Luckily, my food loving self has happily accepted the challenge of making every Mexican dish possible. I have been making homemade salsa every week…and might I add that I’ve been perfecting my recipe so look out for that one soon!
But today I am sharing an old family classic. I have been making these Roasted Verde Chicken Enchiladas for years. We absolutely love them and I am always asked for the recipe. They are the perfect make ahead dish for summer entertaining.

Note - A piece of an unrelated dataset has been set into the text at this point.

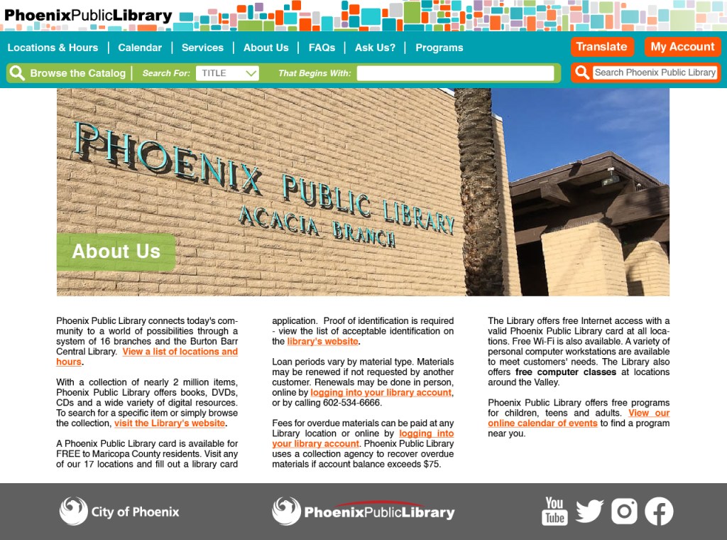 - Redesign of Home and About Pages of the Phoenix Public Library Website based on user testing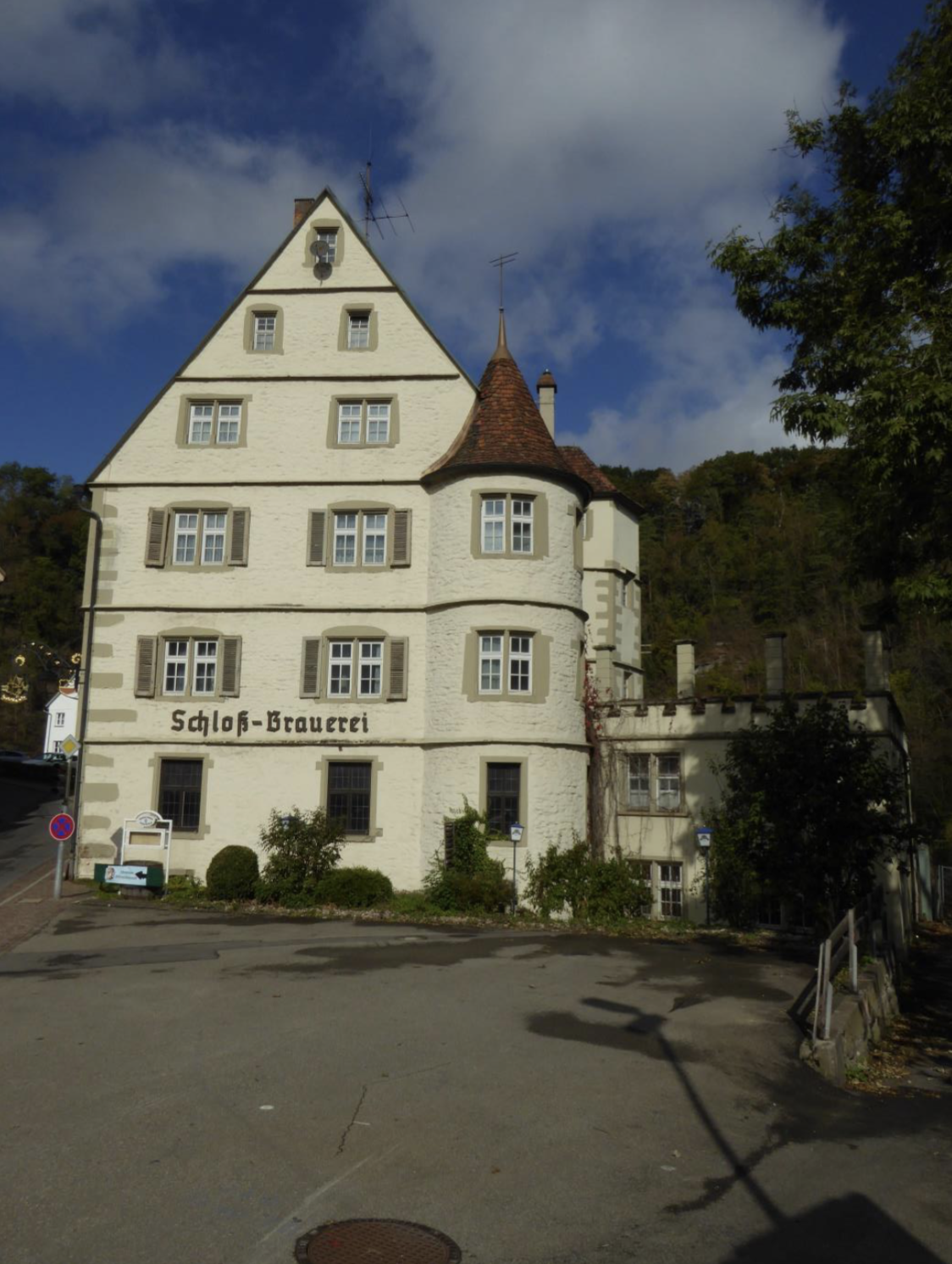 Trotz allem, das Leben geht weiter ... und ich wollte zu Gustl nach Weilstetten fahren, um ihn nach Erlaheim abzuholen. Weit bin ich jedoch mit dem Auto nicht gekommen, denn ich kam an der inzwischen geschlossenen Haigerlocher Schlossbrauerei vorbei. Damals herrschte hier noch Hochbetrieb im Gasthaus und dem dahinter liegenden Brauhaus, das zwischenzeitlich abgerissen ist. Wie oft kamen wir früher da vorbei und hörten das Geklapper der Bierkrü- ge und mussten unsere Gelüste unterdrücken, denn ein illegaler Besuch dort hatte garantiert den Rausschmiss aus den frommen Gemäuern des Internats nach sich gezogen.

The sauce has BIG flavor and is so simple to make. I start with jalapenos, poblano chilies, garlic, onion and a bunch of tomatillos. I toss them all on a baking sheet and roast them until they have a nice char. While the peppers are roasting, I boil the chicken in chicken broth. Cooking the chicken in broth gives so much more flavor to the dish than water. It is my secret to perfectly tender chicken, every single time! My local Sam’s Club just started selling Swanson Chicken Broth in a big 6 pack, so I have been using it in everything. It is a pantry staple for me. Since I use Swanson Chicken Broth in sauces, soups and even marinades, I love that I can stock up in one trip.
I have made this recipe using corn and flour tortillas. Nick really loves the flour version but my family is partial to the corn. You really can use either one. I stuff these chicken enchiladas the same way every single time. I keep it simple. Pepper jack cheese, shredded chicken, mild green chilies, and green onions.
These enchiladas are truly my favorite Mexican dish! If you haven’t made your own sauce, I highly recommend it. I hope your family enjoys these as much as mine does!
- Verde Enchilada Sauce:
- 8-10 Tomatillos, husked
- 1 Onion, peeled and quartered
- 5 Garlic Cloves, peeled
- 2 Jalapenos
- 1 Poblano Chile
- Olive Oil for Drizzling
- 2 Teaspoons Cumin
- 1 Teaspoon Paprika
- 1 Teaspoon salt
- ½ Cup Cilantro, chopped
- 1 Lime, juiced
- Chicken Enchiladas:
- 1 (32. oz) Carton Swanson Chicken Broth
- 3 Large Chicken Breasts
- 10-12 Tortillas, corn or flour
- Oil for frying
- 1 Cup Pepper Jack Cheese, shredded (or regular jack cheese)
- ½ Cup Green Onions, chopped
- 1 (4 oz.) Can Mild Green Chilies
- ½ Teaspoon Garlic Salt
- ½ Teaspoon Cumin
- Cotija Cheese for Garnish (optional)
- Verde Enchilada Sauce:
- Preheat the oven to 400°. Line a baking sheet with foil. Place the tomatillos, quartered onion, garlic, jalapenos, and the poblano chile on the sheet. Drizzle evenly with olive oil and salt. Bake for 15-20 minutes. Once the chilies are cool enough to handle, remove the stems and place all the roasted ingredients in a blender or food processor with the remaining enchilada sauce ingredients plus the reserved ¼ cup chicken broth. Pulse a few times until the sauce is mostly smooth with a little bit of chunks for texture. Set aside.
- Chicken Enchiladas:
- In a large stock pot, bring the chicken broth and chicken breasts to a boil. Cook on medium heat for 45 minutes to an hour or until the chicken is cooked throughout and very tender. Drain the chicken, reserving ¼ cup of the broth.
- Using two forks, shred the chicken into bite sized pieces. In a frying pan, heat about ½ inch of oil on medium-high heat. Lightly fry each tortilla on each side for 5-10 seconds on each side, just until soft. You don't want the tortillas to fry completely. Place on a plate lined with paper towels to drain off any excess grease. In a bowl combine the shredded chicken, green onions, mild green chilies and seasonings. Dip each fried tortilla into the enchilada sauce. Fill each tortilla with the chicken mixture, top with shredded cheese and roll up. Place the enchiladas in a 9 x 13 pan. Top with remaining enchilada sauce. Top with cotija cheese (if using). Cover with foil and bake on 375° for 20 minutes. Serve immediately.